Find Venmo users paired with Instagram users in MongoDB


In [5]:
user_matches = [result for result in VENMO_INSTAGRAM_MATCHES.find()]
print 'Total Venmo-Instagram user matches: %d' % len(user_matches)


Total Venmo-Instagram user matches: 408

Load the user's Venmo transactions from MongoDB

Includes transactions where the user is either the "actor" (payer) or the "target" (payee)


In [6]:
def venmo_user_trans(user_id):
    pipeline = [
        {"$unwind": "$transactions"},
        {"$match": {"$or": [
            {"actor.id": user_id},
            {"transactions.target.id": user_id}
        ]}},
        {"$sort": {"created_time": 1}}
    ]

    return [r for r in TRANS_COLLECTION.aggregate(pipeline)]

In [7]:
def parse_venmo_datetime(datetime_str):
    return datetime.strptime(datetime_str, VENMO_DATE_FORMAT_STR)

In [8]:
def get_venmo_trans_datetimes(transactions):
    return [parse_venmo_datetime( t.get('created_time') ) for t in transactions]

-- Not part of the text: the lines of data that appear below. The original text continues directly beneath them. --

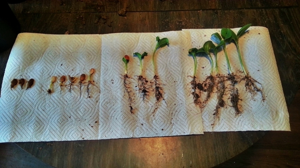 I used 4 soil combos and planted pumpkin seeds from the same package at the same time. These were planted indoors in low light conditions on a heated germination pad. The manure is 5 years old from grass fed cows. This is the result after 12 days.
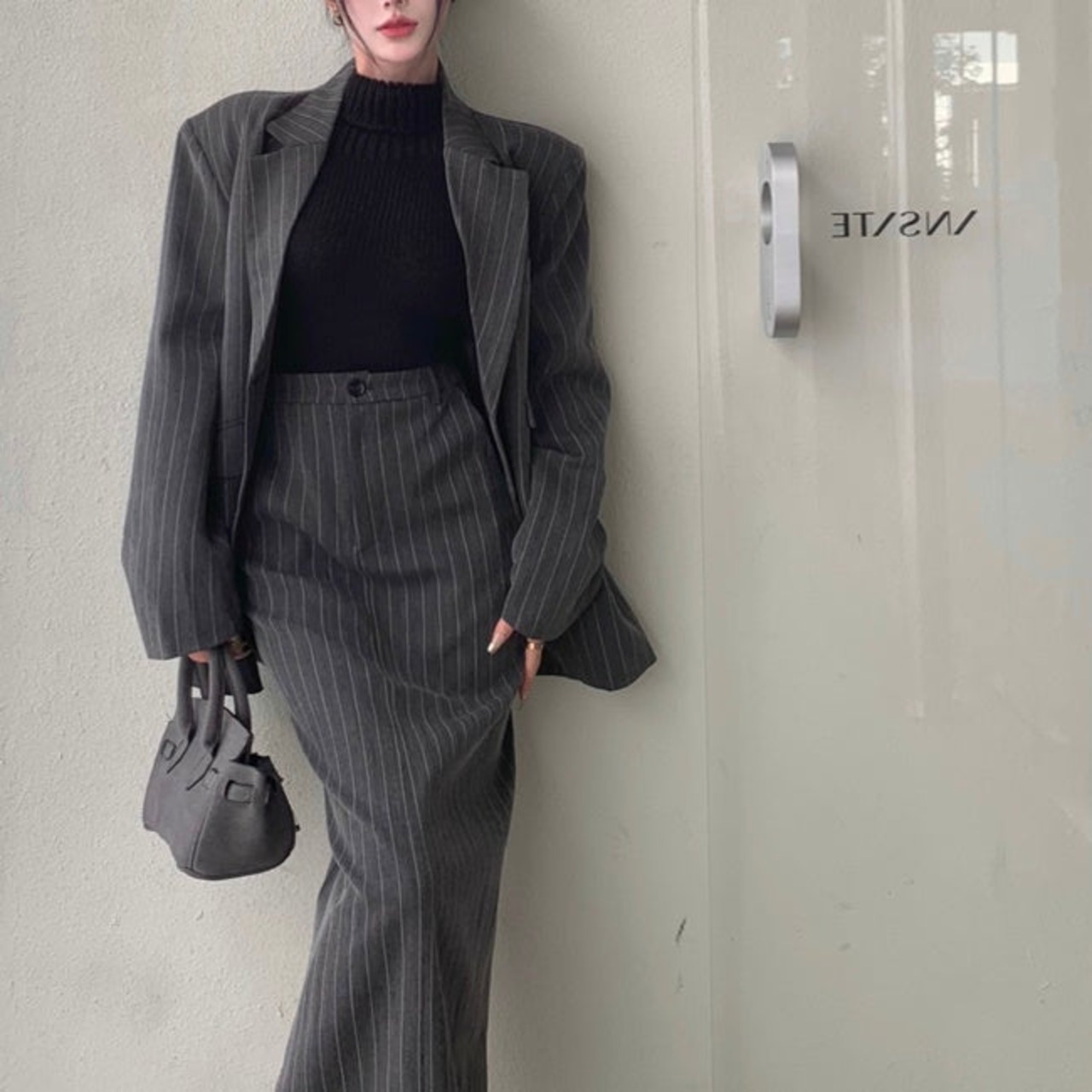 セットアップ レディース 韓国 ファッション スカート テーラードジャケット ストライプ 柄 ツーピース ワンボタンジャケット
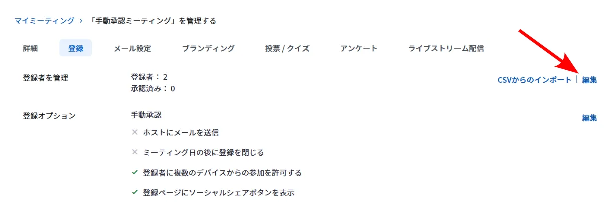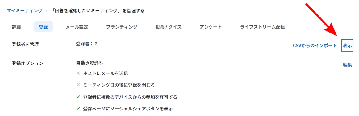 - 「登録者を管理」欄の右側にある「表示」(手動承認を有効にしている場合は「編集」)ボタンを押してください.
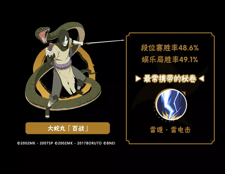 自选A忍免费送活动今日开启,学员们都选好心仪的忍者了吗?豚豚收集了一些忍者的段位赛数据供学员们参考~可用专属秘卷召唤罗生门,带来不同增益效果的大蛇丸「晓」,他的表现如何呢?
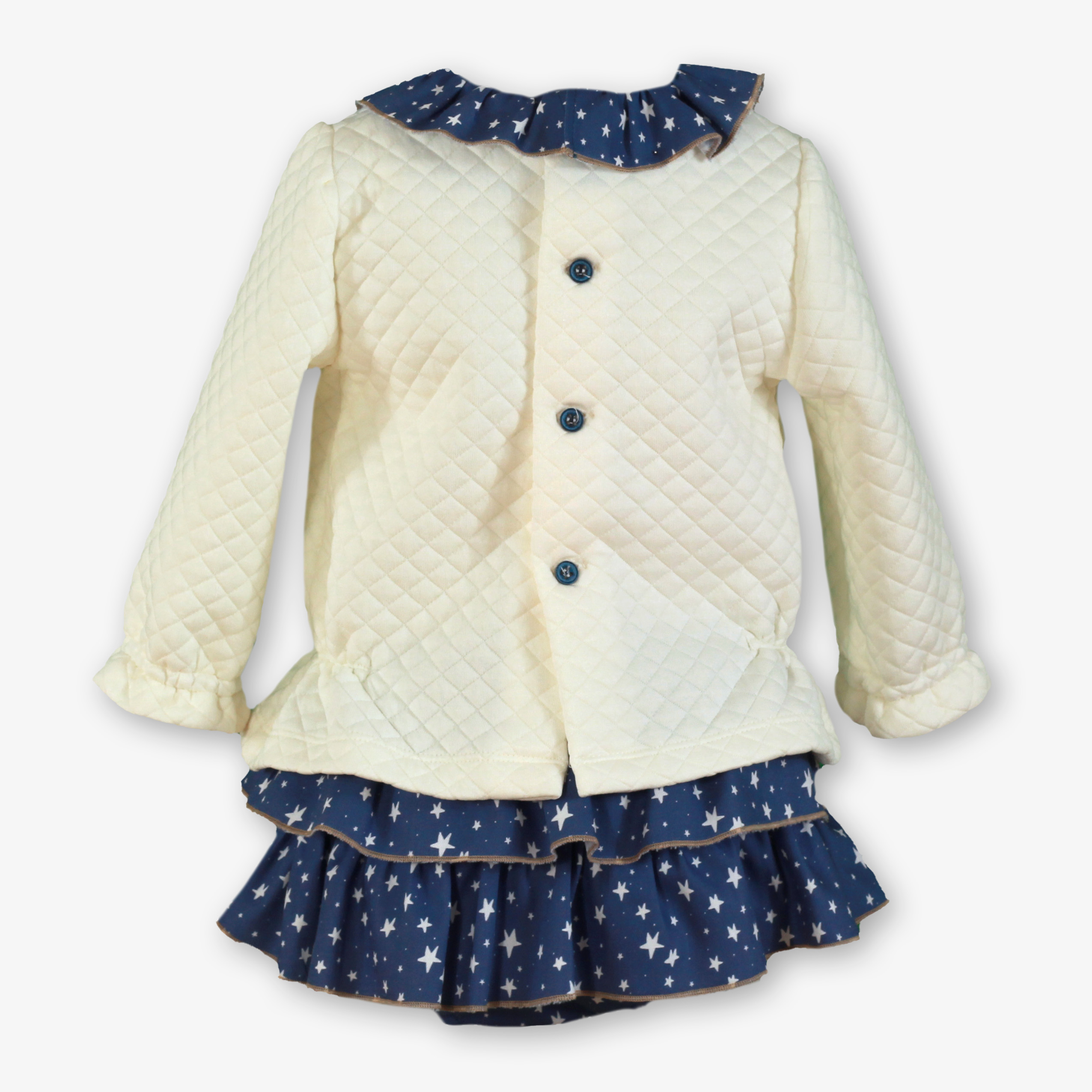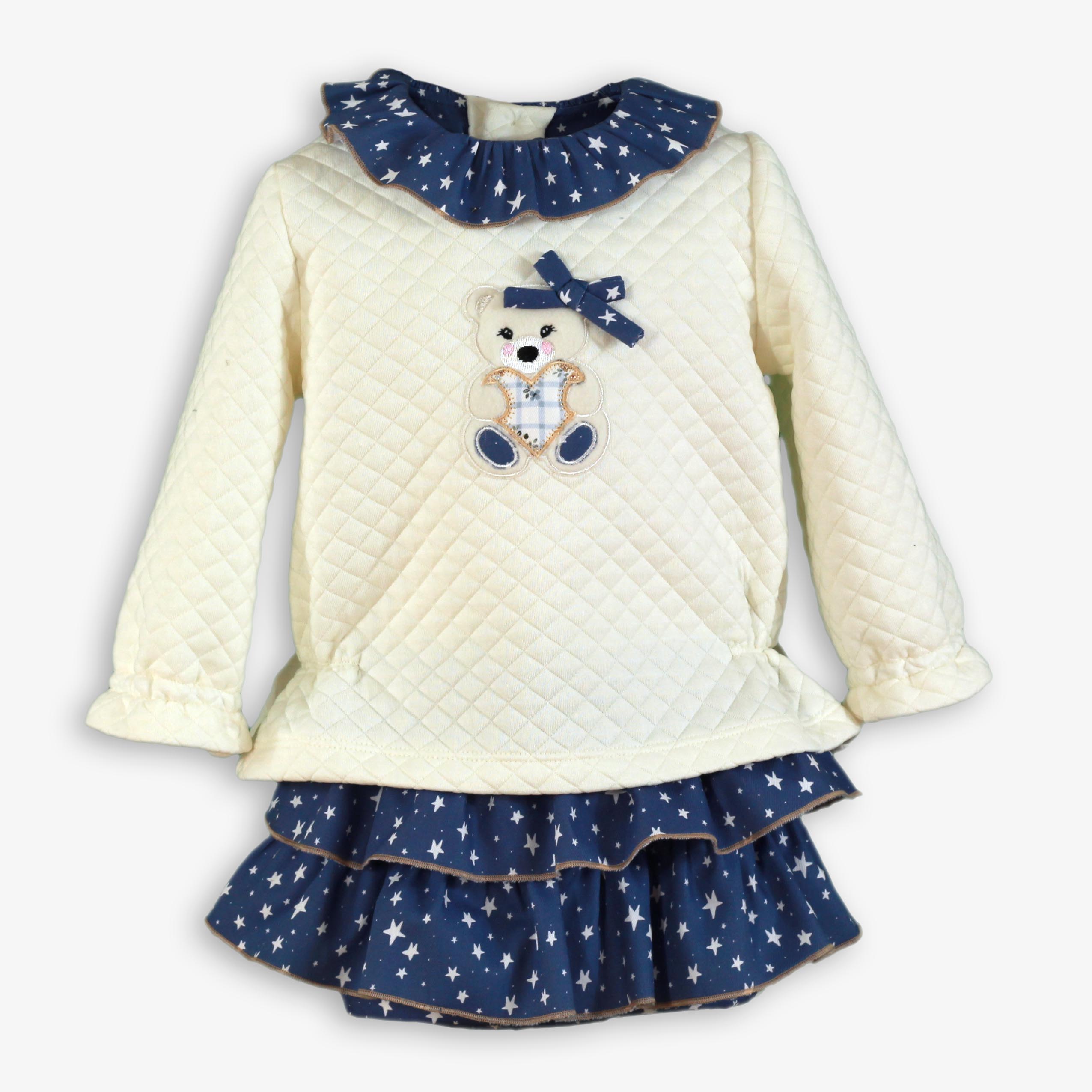 Sudadera en color blanco hueso con ilustración de oso bordado en tonos marfil, celeste, rosa y azul. Con lazo y cuello en color azul con estampado de estrellitas en tonos blanco, manga elástica. Abertura trasera por botones. Braga falda en color azul con estampado de estrellitas en tonos blanco, cintura elástica.

def get_instagram_datetimes(media):
    return [m.created_time for m in media]

Group Venmo and Instagram posts over time


In [9]:
def group_by_date(datetimes, min_date=None):
    results = {}
    for dt in datetimes:
        if min_date is None or dt.date() >= min_date:
            results[dt.date()] = results.setdefault(dt.date(), 0) + 1
    return results

def normalize_date_data(data_dict, all_dates):
    normalized = {}
    for date in all_dates:
        normalized[date] = data_dict.setdefault(date, 0)
    return normalized

Prepare the data for the plots


In [10]:
def get_instagram_api_data(instagram_user):
    instagram_id = instagram_user.get('id')
    media = get_all_paginated_data(API_CYCLER.api, 'user_recent_media', user_id=instagram_id, count=100)
    print '%d Media fetched for Instagram user %s (%s)' % (len(media), instagram_user.get('username'), instagram_user.get('id'))
    return media


def get_venmo_api_data(venmo_user):
    venmo_id = venmo_user.get('id')
    venmo_trans = venmo_user_trans(venmo_id)    
    print '%d Transactions fetched for Venmo user %s (%s)' % (len(venmo_trans), venmo_user.get('username'), venmo_user.get('id'))
    return venmo_trans


def get_api_data(venmo_user, instagram_user):
    media = get_instagram_api_data(instagram_user)
    venmo_trans = get_venmo_api_data(venmo_user)
    return venmo_trans, media


def normalize_for_plot(trans, media):
    venmo_trans_datetimes = get_venmo_trans_datetimes(trans)
    instagram_datetimes = get_instagram_datetimes(media)
    
    # Group media and transactions activity across individual days
    venmo_date_data = group_by_date(venmo_trans_datetimes, AFTER_CUTOFF_DATE)
    instagram_date_data = group_by_date(instagram_datetimes, AFTER_CUTOFF_DATE)
    
    full_date_set = set(instagram_date_data.keys()).union(venmo_date_data.keys())
    venmo_date_data_norm = normalize_date_data(venmo_date_data, full_date_set)
    instagram_date_data_norm = normalize_date_data(instagram_date_data, full_date_set)
    
    x = venmo_date_data_norm.keys()
    venmo_y = [venmo_date_data_norm[date] for date in venmo_date_data_norm.keys()]
    instagram_y = [instagram_date_data_norm[date] for date in instagram_date_data_norm.keys()]
    
    return x, venmo_y, instagram_y

Plot one user's Venmo and Instagram activity


In [11]:
width = 0.35
days = mdates.DayLocator()
weeks = mdates.WeekdayLocator()
date_fmt = mdates.DateFormatter('%d %b %Y')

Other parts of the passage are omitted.